Source data:

=== Section Start ===

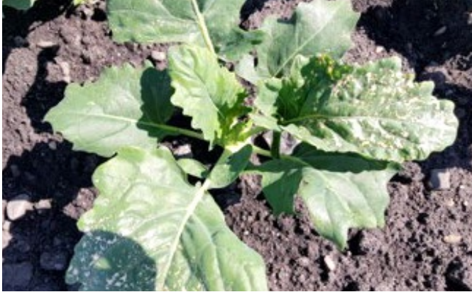
Kohlpflanze mit beschädigten Blättern.

Bioforge optimiert das hormonelle System der Pflanzen und fördert die Erholung nach Stressereignissen. Das hilft den Pflanzen, extreme Temperaturen und Trockenheit zu überstehen. Bei plötzlich auftretenden Situationen wie Hagel oder Frost stärkt Bioforge den Stoffwechsel der Pflanzen und reaktiviert das Wachstum.
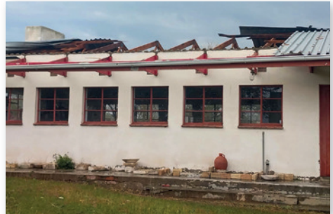
Ein abgedecktes Gebäude des Arts and Craft Centre
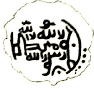
Arka yüz Lailahe illallah Muhammedün Resulu'llah Ömer, Ebubekir, Osman, Ali
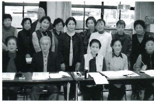
和気あいあいの皆さん
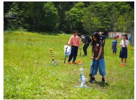
水ロケットの競技会（秋田市）
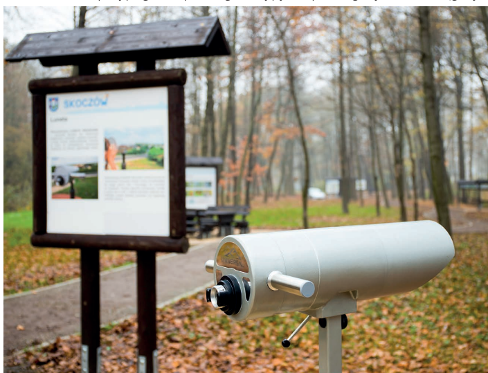
Luneta do obserwacji ptaków w parku
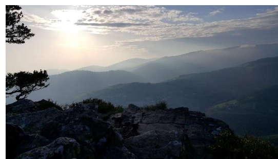
Le Parc Naturel Régional du Pilat

=== Section End ===

Task directions: Leaving every picture out, return the lines from the one containing "Ein abgedecktes Gebäude" through the last line of the records exactly.

Answer to the exercise:
Ein abgedecktes Gebäude des Arts and Craft Centre
Arka yüz Lailahe illallah Muhammedün Resulu'llah Ömer, Ebubekir, Osman, Ali
和気あいあいの皆さん
水ロケットの競技会（秋田市）
Luneta do obserwacji ptaków w parku
Le Parc Naturel Régional du Pilat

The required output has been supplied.